A hit from its European Investment Bank transaction as well as higher UK loss rates have prompted a fall in expected returns for the Funding Circle SME Income fund.
The £332m Funding Circle SME Income Fund saw a fall in its net asset value (NAV) of 1.4 per cent in November as the investment trust’s board said it expected returns for the full year would be lower than previously anticipated owing to a higher expected rate of defaults among certain loan pools.
The portfolio, which holds exposure to loans originated by Funding Circle in the UK mainly but also US and European geographies too, has been something of a reliable performer since launching in 2015 and has as a result tended to trade on a small premium to NAV as well as eyeing continued growth in assets via new share issuance programmes.
In 2018 performance has become more challenged in the second half of the year, owing to a number of factors however, and the portfolio is now trading at a 15.1 per cent discount to NAV after a rapid fall in sentiment in recent weeks.
According to Richard Boleat, the chairman of the fund - who said in a statement to the market this morning - it has “been a more challenging period” owing to lower projected returns for UK loans originated in 2016 and 2017 as well as other factors such as increased hedging and other costs and the implementation of new accouting practices in the form of IRS 9.
He also gave guidance that returns in 2018 would likely be lower at around 4 per cent in NAV terms in the 12 months to December 2019. Its quarterly dividend will be maintained at 1.312p (5.25p annualised) until at least June 2019 but that it would be uncovered.

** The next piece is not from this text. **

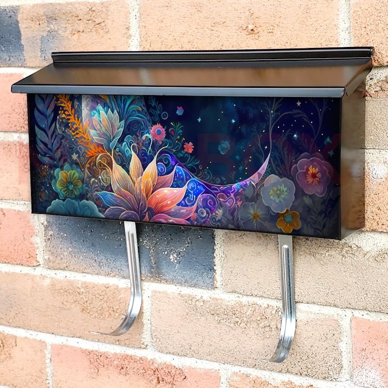 Applying your Bohemian Flower Moon #7 townhouse / ranch mailbox cover it’s pretty easy to convert your mailbox to a special and unique item. These covers require a flat surface, so they work with townhouse / ranch mailboxes that do not have any embossed decoration or signs. Magnetic mailbox covers work with steel boxes, for aluminum and plastic boxes we offer the self-adhesive vinyl covers. In case your mailbox doesn’t work with these covers, you can purchase the preinstalled cover on a brand new mailbox as well. Also, you can create your custom townhouse / ranch mailbox cover using you own pictures, adding your name, street number, etc.
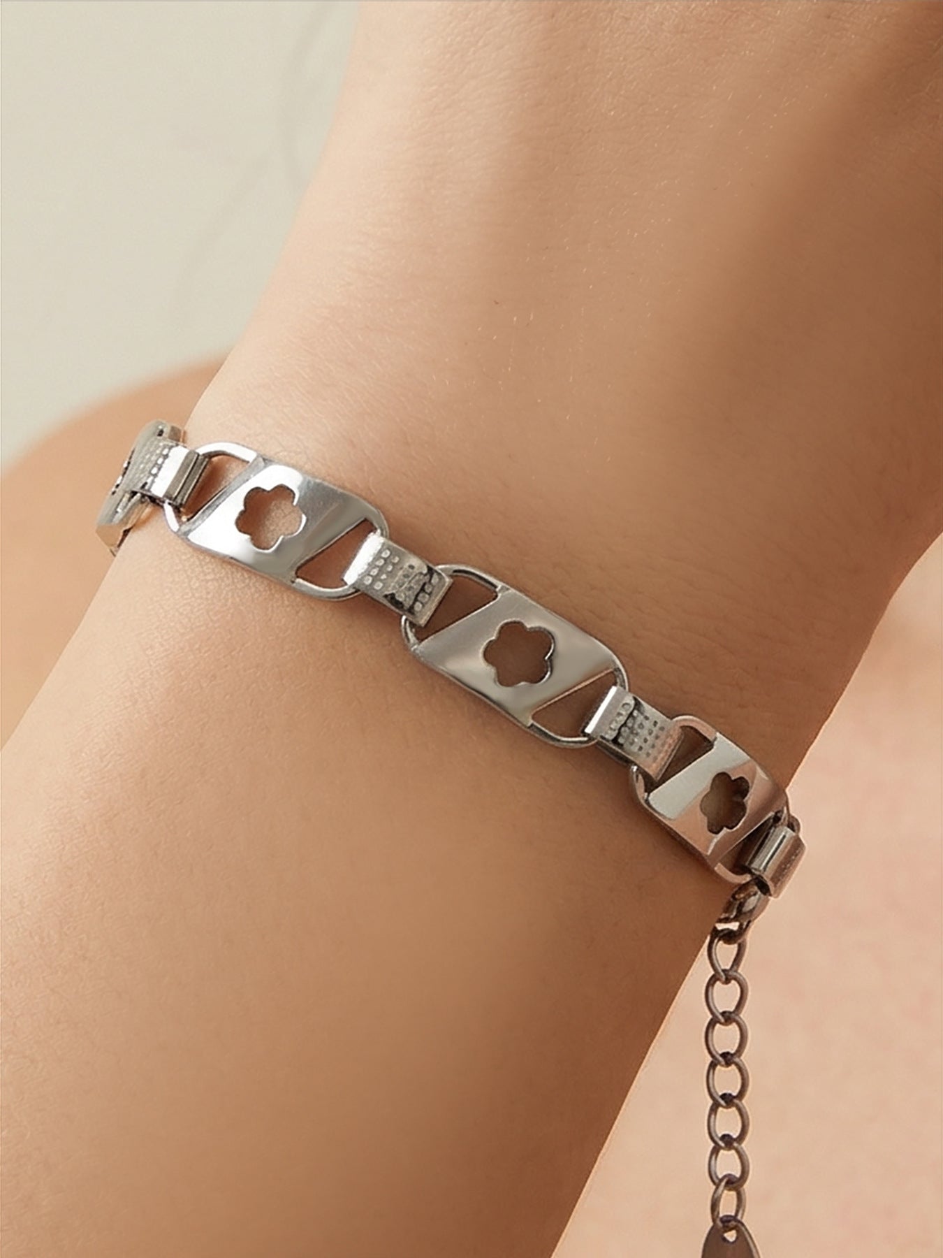 B廠【E079】ins時尚潮流網紅同款鏤空花型手鍊 情侶小眾設計感個性百搭手飾 26.02-1

“Evidence has now started to emerge through credit stress that this is largely, though not exclusively, attributable to the underperformance of certain UK loan cohorts from 2016 and 2017 and specifically in respect of younger businesses and/or those with guarantors with a low consumer score - typically borrowers assigned to Funding Circle's higher risk bands,” Boleat said.
Analysts at Liberum, which recently put a “SELL” notice on the fund say the November fall in NAV returns was primarily due to a -2.2 per cent impairment in the month, including a -1.2 per cent fair value adjustment on its investment a European Investment Bank (EIB) transaction. The impairment charge also includes -0.4 per cent impact from lower recovery assumptions on delinquent and defaulted loans.
However they also note that performance has deteriorated significantly, mainly due to a material increase in credit losses on UK loans.
“Other factors such as increased hedging and operating costs have also reduced returns.The weakening outlook for UK consumer credit has impacted the higher risk Funding Circle UK loans that are more susceptible to changes in the consumer credit environment.”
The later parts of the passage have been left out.